I used to be able to manage a house full of little ones, be pregnant, be the Primary President, be the Room-mom, volunteer on the PTA, go to play groups, keep a clean house, visit friends, do my visiting teaching, and do it all at the same time with a smile on my face.....I can't anymore. I'm TIRED. Of course some of these things I can't illiminate, nor would I want to. But over the last few years I have had to learn to say, "NO". That word has just about killed me in the past. The thought of telling someone NO gave me huge anxiety. I dreaded it, and rarely did I ever say NO.
After #5 turned about 18 months old my hectic yet peaceful world came crashing down. At that point everything outside of keeping that child from disaster became less of a priority. It took nearly all my time and energy making sure #5 didn't hurt himself, someone else, or anything that he came in contact with. Everything became a monumental task, even the simple things I used to do with ease. Nothing was easy anymore. I started having to say, NO just out of pure necessity. I just couldn't do what I used to be able to do.

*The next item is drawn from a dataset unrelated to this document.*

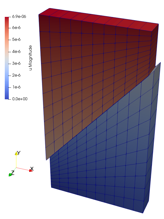 We solve a linear elastic small deformation problem with a pre-existing fracture using the lower-dimensional interface element (LIE) approach.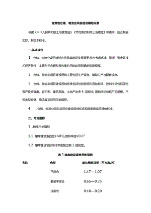 甘肃省仓储、物流业项目建设用地标准根据中华人民共和国土地管理法节约集约利用土地规定等要求,结合我省实际,制定本标准。一.基本规定1 .仓储、物流业项目建设应根据其建设发展需要,综合考虑环境、资源、资金等技术经济条件,本着科学合理和节约集约用地的原则确定建设规模。2 .仓储、物流业项目建设用地主要包括生产设施、辅助生产与配套设施。3 .仓储、物流业项目建设用地标准包括控制指标和用地指标,控制指标包括固定资产投资强度、容积率、建筑系数、土地产出率4项指标;用地指标包括不同规模、不同类型仓储、物流业项目的用地面积。4 .仓储、物流业项目应符合建设用地标准和国家规定的其他标准。二、用地指标1 .粮库用地指标1.1 粮库建筑系数应40%,容积率应0.6°1.2 粮库建设项目用地不应超过表1的规定。表1粮库建设项目用地指标名称仓型单位用地指标(平方米/吨)平房仓1.471.07散装平房仓0.650.35浅圆仓0.400.20粮库立筒仓0.300.15注:1.平房仓:占地综合指标为粮库围墙内用地。建设铁路专用线、港池或堆场(晒场)的粮库,占地指标取高值。仓房跨度大,组合长度长时,占地指标取低值。2 .散装平房仓:仓房跨度大,组合长度长时,占地指标取低值。3 .浅圆仓:本指标适用于直径25米一30米,单仓仓容05万吨一1万吨的浅圆仓群。装粮高度高、单仓仓容大、组群总储量大时,占地指标取低值。4 .立筒仓:本指标适用于装粮高度不小于21米,仓容量1万吨一10万吨的立筒仓群。装粮高度高、组群总储量大时,占地指标取低值。2.棉麻仓库用地指标2.1 棉麻仓库建筑系数应40%,容积率应0.602.2 棉麻仓库建设项目用地不应超过表2的规定。表2棉麻仓库建设项目用地指标类别规模(吨)单位用地指标(平方米/吨)500001000002.051.70棉库储备库30000500002.102.0510000300002.502.101000001500002.912.33500001000003.072.91经菖库10000500003.333.07麻库200050004.163.24注:i.本指标仅为阵区围墙内用地指标,不包括库区外铁路专用线及码头用地。2 .棉麻仓库建设项目规模介于表列两个规模之间的采用内插法计算,规模范围外的采用上下限指标确定。3 .仓储、物流类项目用地指标3.1 仓储、物流类建设项目固定资产投资强度、土地产出率、容积率、建筑系数应符合表3的规定。表3仓储、物流类建设项目控制指标类型固定资产投资强度(万元/公土地产出率顷)(万元/公顷)容积率建筑系数通用仓储类13501200>0.840%保温冷藏类270012750.640%冷冻类270012750.640%化学危险品类165013500.630%城市配送类210022500.640%农副产品类15006750.640%堆场类3757500.340%3.2仓储、物流类建设项目用地不应超过表4的规定。表4仓储.物流类建设项目用地指标类型分级单位用地指标(平方米日流通量(吨/天)/吨)大型>500024300050003524中型100030004535通用仓储类小型10005345大型>500019300050002819中型100030003628保温冷藏类小型10004236大型>500019冷冻类中型300050002819100030003628小型10004236大型>500020300050002820中型100030003528化学危险品类小型10005335大型>500018300050002618中型100030003426城市配送类小型10004134大型>500021300050003121中型100030004031农副产品类小型10004540大型>500019300050002819中型100030003628堆场类小型10004236注:1.化学危险品类仓库应根据物品的种类、性质采取相应的通风、防爆、泄压、防腐、防泄漏、防晒、调温、消除静电、防护围堤等措施,安全防护范围应满足建筑防火通用规范(GB500372022)及物流建筑设计规范(GB511572016)相关要求。2 .仓储、物流类建设项目日流通量介于表列两个规模之间以及小于下限规模的采用内插法计算。4 .调整系数4.1 不同区域的仓储、物流业项目建设用地指标可按照表5中区域调整系数对用地指标进行调整。表5用地指标区域调整系数表区域市县系数陇南市:武都区、文县、宕昌县、康县、成县、徽县、西和县、礼县、两当县。甘南藏族自治州:合作市、临潭县、卓尼县、夏河县、I类地区玛曲县、碌曲县、迭部县、舟曲县。0-98平凉市:Jl空幅区、华亭市、崇信县、泾川县、灵台县、庄浪县、静宁县。庆阳市:西峰区、庆城县、合水县、华池县、环县、11类地区正宁县、镇原县、宁县。1兰州市:城关区、七里河区、西固区、安宁区、红古区、榆中县、永登县、皋兰县。天水市:秦州区、麦积区、甘谷县、武山县、秦安县、清水县、张家川回族自治县。定西市:安定区、通渭县、陇西县、渭源县、临沈县、漳县、岷县。临夏回族自治州:临夏市、临夏县、广河县、康乐县、永靖县、和政县、东乡族自治县、积石山保安族东乡族撒拉族自治县。白银市:会宁县。白银市:白银区、平川区、靖远县、景泰县。武威市:凉州区、民勤县、古浪县、天祝藏族自治县。金昌市:金川区、永昌县。张掖市:甘州区、临泽县、高台县、山丹县、民乐县、肃南裕固族自治县。酒泉市:肃州区、玉门市、敦煌市、金塔县、瓜州县、肃北蒙古族自治县、阿克塞哈萨克族自治县。In类地区嘉峪关市。1.02

Over the next few years I began to lose myself. I stopped hanging with friends because #5 couldn't play nice. I stopped going places because everything became a fight, a tantrum, or just pain out of control. I stopped doing a lot of the things that made me happy because anytime I turned my back disaster struck. I began to feel trapped and even resentful that this child that I loved dearly and fiercely defended was taking so much from me. At this same time Ken and I had a role reversal in our church callings. I was released from my calling that got me out of the house once a week with no kids. And he took my place being away from home. He got called to the Bishopric and I got put in cold storage, or so it felt. It was a blessing and a curse. I didn't feel like I could do more, yet I NEEDED more of something. More time to myself, more quiet, more social interaction without chasing babies, more than just cooking, cleaning and changing diapers. But I never felt like a could very safely leave #5 in the hands of anyone else. No one else could keep a good enough eye on him, no one else cared for him like I did, no one else could handle the power struggles. During this time anxiety and depression knew me well. It was a lonely time. I rarely felt like I could take in a full breathe of air. A feeling of suffocation always lingered near.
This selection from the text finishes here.